**Assigned task**
Where the lines below hold images, skip those and copy every word exactly.

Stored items
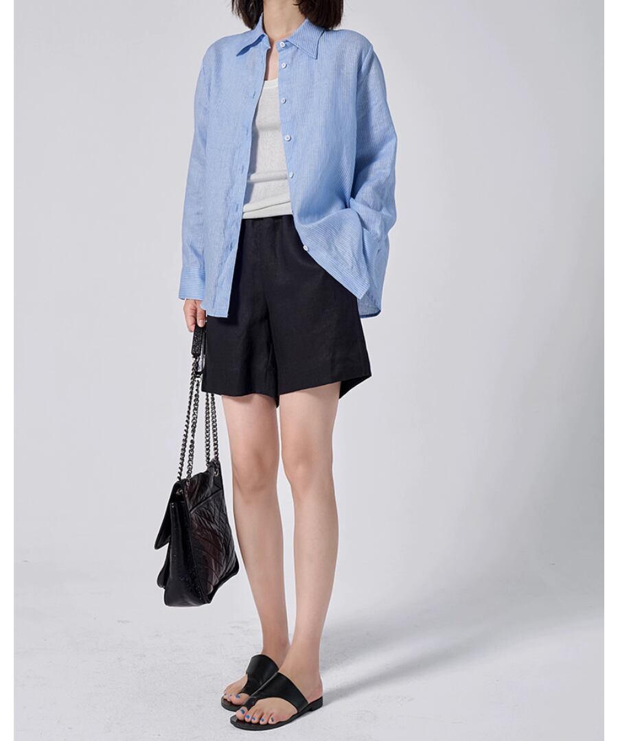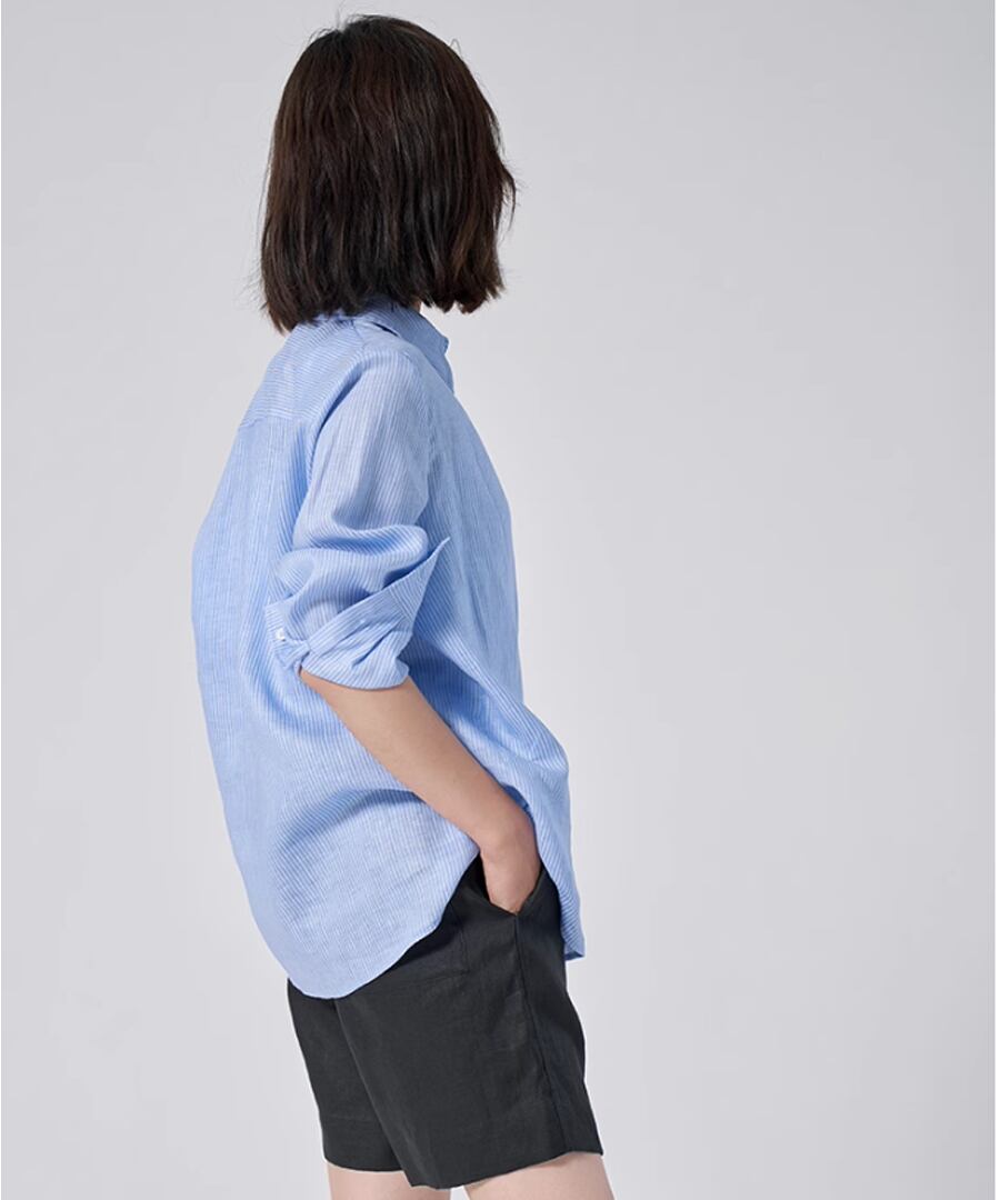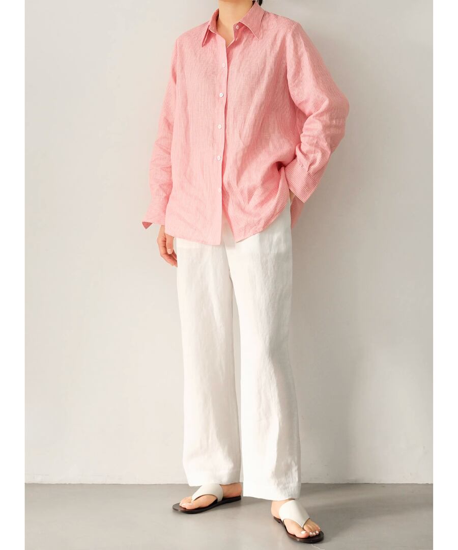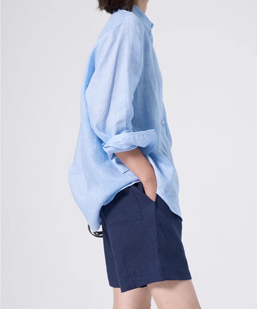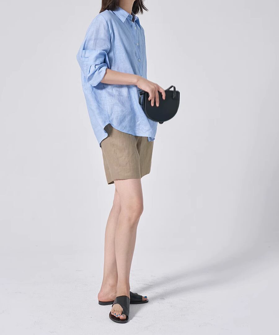 リネン100%の涼やかな生地感が、清涼感を演出し、暑い夏にぴったりのアイテム。
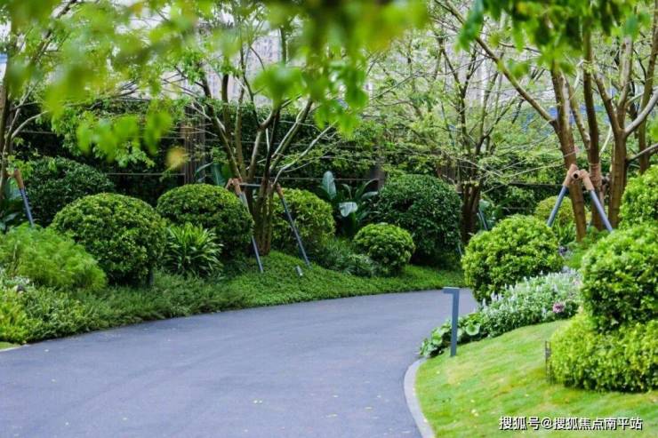 植物选材上,精心挑选铁冬青、朴树等名贵乔木,构筑立体而富有层次的林冠天际线;搭配灰莉球、米兰球、花叶女贞球、龟甲冬青等球类植物,以及鼠尾草、雪花木、迷迭香、狐尾天门冬、肾蕨等特色灌木与地被,营造出高低错落、疏密有致的景观层次。四季时花点缀其间,形成一体化精致花境,尽显自然诗意与盎然生机。
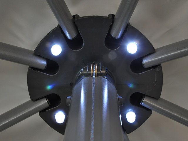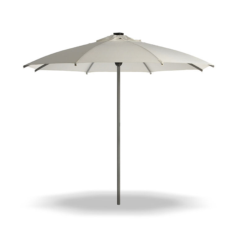 Ombrellone rotondo con sistema di apertura/chiusura automatica, pannello solare integrato per mantenere la carica delle batterie necessarie per l'apertura/chiusura e luci Led, telecomando per apertura/chiusura incluso.Struttura in Alluminio, 8 stecche, tessuto Poliestere gr. 250/mq.
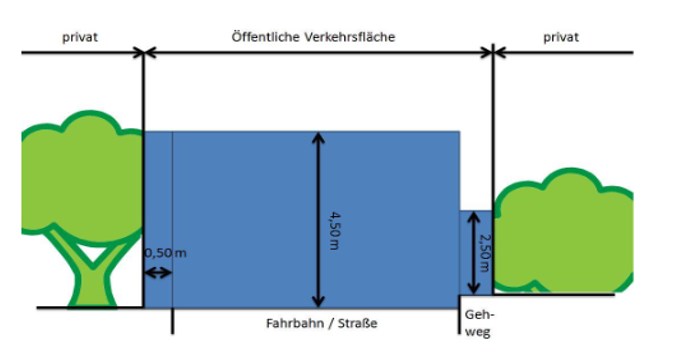 Ragen Bäume über die Grundstücksgrenze hinaus, so müssen Zweige, die das Vorbeigehen oder –fahren behindern oder gefährden, entsprechend entfernt werden. Im Bereich von Geh- und Radwegen ist hierbei eine lichte Durchgangshöhe von mindestens 2,50 Metern einzuhalten. Unter 2,50 Metern dürfen keine Äste auf dem Gehweg ragen. Der Rückschnitt muss bis zur Grundstücksgrenze erfolgen. Für den Kfz-Verkehr muss die Durchgangshöhe mindestens 4,50 Meter betragen. Sofern zwischen Fahrbahn und Grundstück kein Gehweg vorhanden ist, darf ein Sicherheitsraum von 0,50 m eingehalten werden.
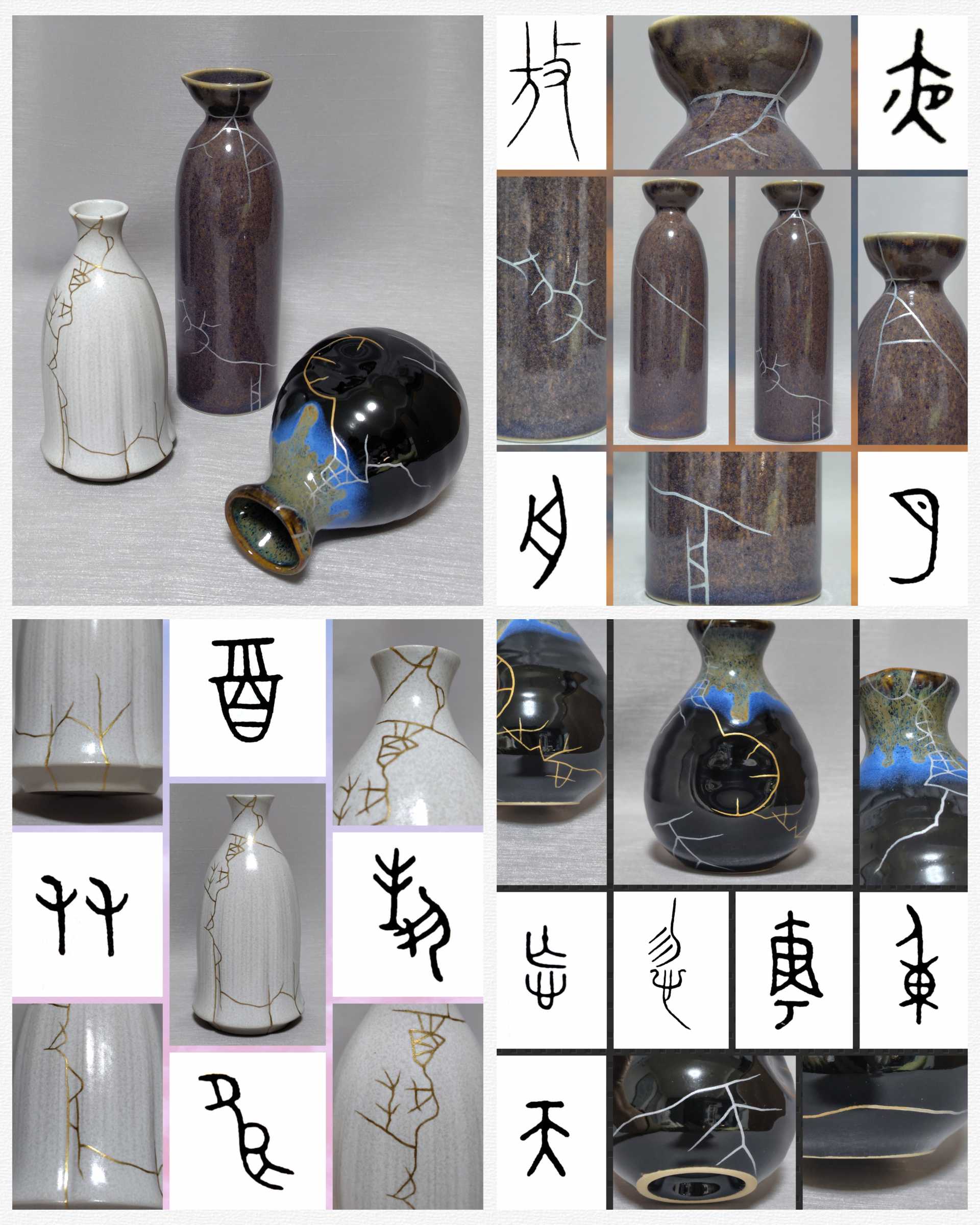 酒にまつわる詩句から文字を抜粋し、金文(No.8「把」のみ作字)で徳利に描く。
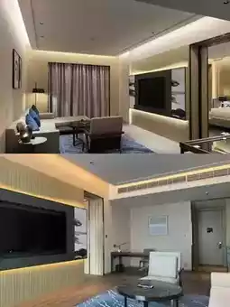 Foshan Courtyard by Marriott and Marriott are in the same building. The first floor is the lobby of Courtyard by Marriott, the second floor is the lobby of Marriott, the lower floors are Courtyard by Marriott's guest rooms, and the upper floors are Marriott's guest rooms.
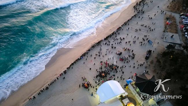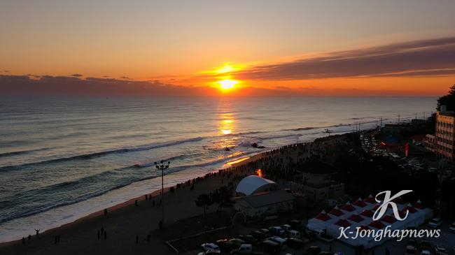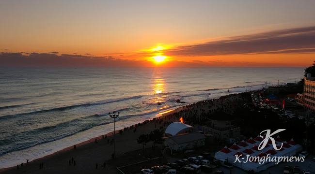 수평선 너머로 떠오른 붉은 해가 푸른 동해를 비추자, 해변과 일출명소에 모인 사람들은 두 손을 모아 새해의 안녕과 희망을 기원했다.
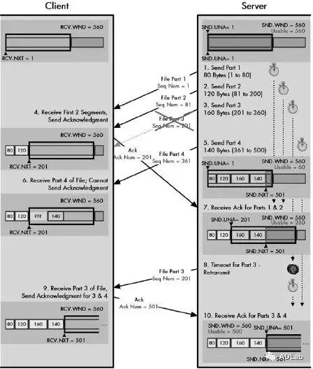 TCP数据包传输过程中,来自滑动窗口的数据包丢失可能对TCP吞吐量产生影响。TCP使用累积确认(ACK)方案解决该问题,其中不接收不在滑动窗口左边缘的接收段,这会强制发送方等待往返时间以找出每个丢失的数据包,或者不必要地重新传输已正确接收的段,从而降低整体吞吐量。
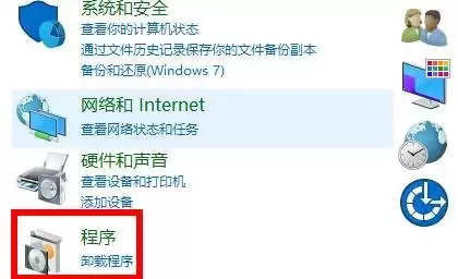 2. 进入控制面板窗口后,将查看方式设置为“类别”,然后找到并点击 【程序】 这个分类。
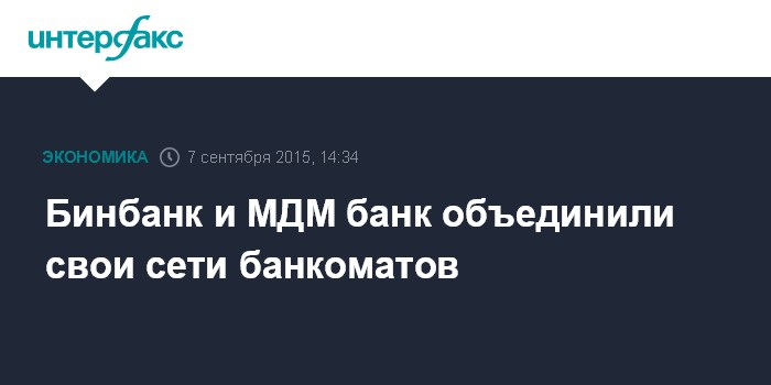 Москва. 7 сентября. INTERFAX.RU – МДМ банк, Бинбанк, а также "Бинбанк - кредитные карты" (ранее - Москомприватбанк) объединили банкоматные сети. Сотрудничество предусматривает снятие клиентами кредитных организаций наличных средств и получение информации по картам в банкоматах банка-партнера без дополнительных комиссий, говорится в пресс-релизе МДМ банка.

**Task output**
 リネン100%の涼やかな生地感が、清涼感を演出し、暑い夏にぴったりのアイテム。
 植物选材上,精心挑选铁冬青、朴树等名贵乔木,构筑立体而富有层次的林冠天际线;搭配灰莉球、米兰球、花叶女贞球、龟甲冬青等球类植物,以及鼠尾草、雪花木、迷迭香、狐尾天门冬、肾蕨等特色灌木与地被,营造出高低错落、疏密有致的景观层次。四季时花点缀其间,形成一体化精致花境,尽显自然诗意与盎然生机。
 Ombrellone rotondo con sistema di apertura/chiusura automatica, pannello solare integrato per mantenere la carica delle batterie necessarie per l'apertura/chiusura e luci Led, telecomando per apertura/chiusura incluso.Struttura in Alluminio, 8 stecche, tessuto Poliestere gr. 250/mq.
 Ragen Bäume über die Grundstücksgrenze hinaus, so müssen Zweige, die das Vorbeigehen oder –fahren behindern oder gefährden, entsprechend entfernt werden. Im Bereich von Geh- und Radwegen ist hierbei eine lichte Durchgangshöhe von mindestens 2,50 Metern einzuhalten. Unter 2,50 Metern dürfen keine Äste auf dem Gehweg ragen. Der Rückschnitt muss bis zur Grundstücksgrenze erfolgen. Für den Kfz-Verkehr muss die Durchgangshöhe mindestens 4,50 Meter betragen. Sofern zwischen Fahrbahn und Grundstück kein Gehweg vorhanden ist, darf ein Sicherheitsraum von 0,50 m eingehalten werden.
 酒にまつわる詩句から文字を抜粋し、金文(No.8「把」のみ作字)で徳利に描く。
 Foshan Courtyard by Marriott and Marriott are in the same building. The first floor is the lobby of Courtyard by Marriott, the second floor is the lobby of Marriott, the lower floors are Courtyard by Marriott's guest rooms, and the upper floors are Marriott's guest rooms.
 수평선 너머로 떠오른 붉은 해가 푸른 동해를 비추자, 해변과 일출명소에 모인 사람들은 두 손을 모아 새해의 안녕과 희망을 기원했다.
 TCP数据包传输过程中,来自滑动窗口的数据包丢失可能对TCP吞吐量产生影响。TCP使用累积确认(ACK)方案解决该问题,其中不接收不在滑动窗口左边缘的接收段,这会强制发送方等待往返时间以找出每个丢失的数据包,或者不必要地重新传输已正确接收的段,从而降低整体吞吐量。
 2. 进入控制面板窗口后,将查看方式设置为“类别”,然后找到并点击 【程序】 这个分类。
 Москва. 7 сентября. INTERFAX.RU – МДМ банк, Бинбанк, а также "Бинбанк - кредитные карты" (ранее - Москомприватбанк) объединили банкоматные сети. Сотрудничество предусматривает снятие клиентами кредитных организаций наличных средств и получение информации по картам в банкоматах банка-партнера без дополнительных комиссий, говорится в пресс-релизе МДМ банка.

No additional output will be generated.